Main Street is the most important commercial street in Salt Lake City, Utah, United States, though it also extends south into the cities of South Salt Lake, Millcreek, and Murray. Its commercial importance is almost totally derived from the few blocks of the street which are immediately south of Temple Square that have attracted banks, major retailers, and heavy foot traffic throughout Salt Lake City's history; the long southern extension of Main Street south of about 500 and 600 South, in contrast, is always in the shadow of State Street (one block to the east), which (due to width, speed limit, and restraint of cross traffic) is more designed for the long-distance automobile traffic that is common away from downtown.

==Route description==

===Murray===
Main Street begins in Murray at a four-way intersection with 4500 South and Auto Boulevard.
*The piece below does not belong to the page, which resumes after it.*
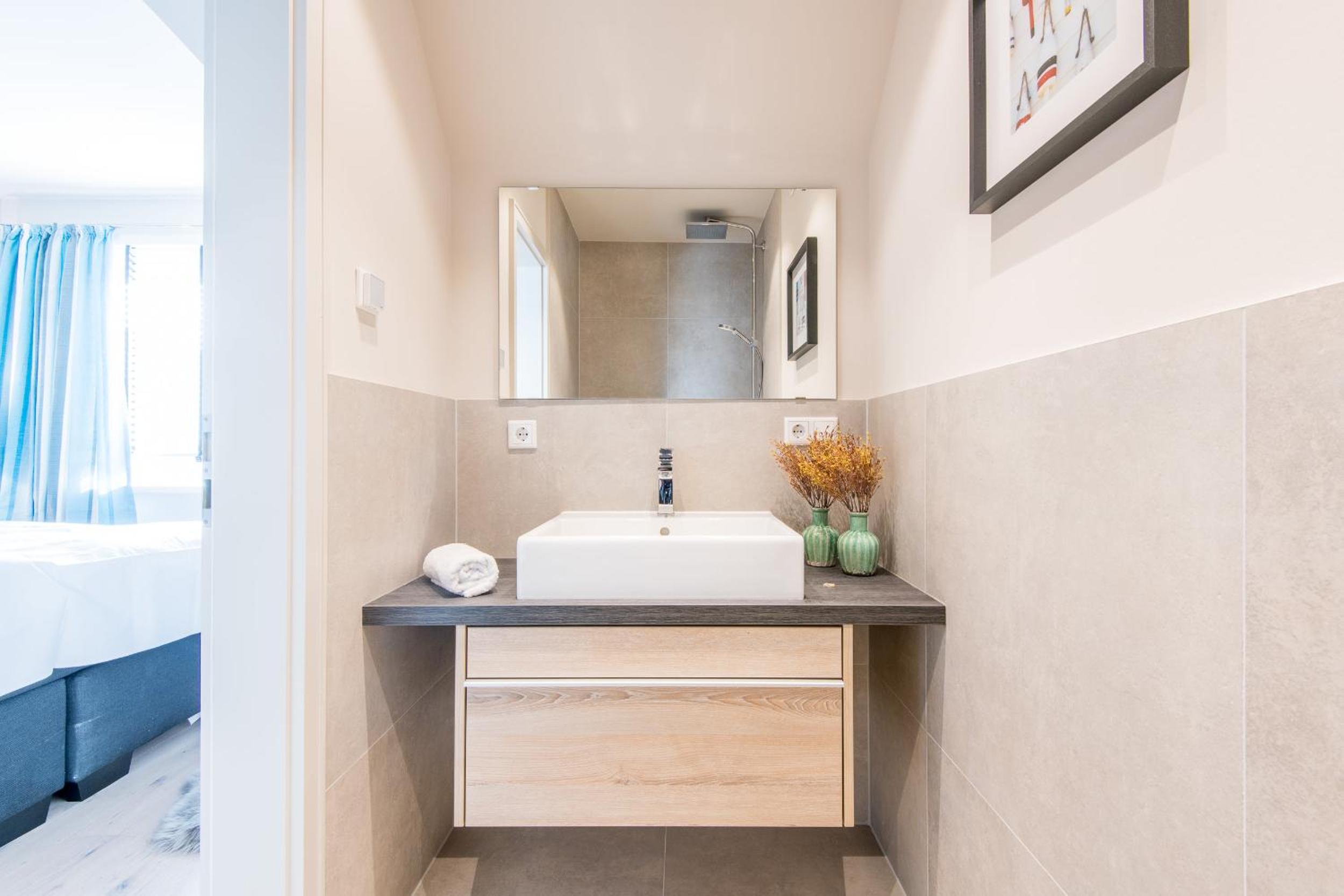 Das Zimmer war schön eingerichtet und groß. Das Bad war modern und stilvoll eingerichtet.

Auto Boulevard is effectively a southern continuation of Main Street, though it immediately begins a curve to the east and intersects with State Street. Main Street is proposed to be extended a short distance south of this intersection (displacing the north end of Auto Boulevard) before splitting into a new one-way pair in which car traffic will be routed southward on Box Elder Street via a new connecting road and will be directed onto Main Street from the south via Hanaur Street.
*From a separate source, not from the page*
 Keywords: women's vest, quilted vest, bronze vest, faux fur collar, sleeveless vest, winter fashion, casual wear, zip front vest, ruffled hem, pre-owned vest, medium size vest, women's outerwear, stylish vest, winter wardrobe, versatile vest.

North of its current terminus, Main Street leads through a former industrial area that is being redeveloped as transit oriented development associated with the Murray North TRAX station before leaving Murray on a bridge over Big Cottonwood Creek just a few blocks from the terminus.

===Millcreek===
The segment of Main Street within Millcreek is also just a few blocks because it passes through the narrow western end of the city. The area is mostly used for industrial and wholesale purposes.

===South Salt Lake===
The south end of South Salt Lake's portion of Main Street passes a park and small retail and office developments before the surroundings revert to industrial- or wholesale-related businesses. North of 3300 South, the mixture of frontage becomes more varied, with retail, office and residential buildings mixed in with industrial and wholesale ones. Main Street crosses Mill Creek at about 3000 South, and a UTA-owned abandoned railroad spur runs along the south side of the creek between Main Street at the TRAX Red and Blue Lines' route at 200 West. The Street continues north through areas with a similar mix of land uses, but also passes the South Salt Lake Police Department headquarters at Sunset Avenue and a Granite School District elementary school plus administrative building housed in a former hospital at 2500 South before passing under Interstate 80, crossing the S Line (formerly known as Sugar House Streetcar) right-of-way, and entering Salt Lake City at 2100 South. Main Street is a four lane road (with or without a center turn lane) throughout South Salt Lake and has sidewalks almost everywhere. Main Street north of 3300 South in South Salt Lake was Utah State Route 202 from 1961 to 1967.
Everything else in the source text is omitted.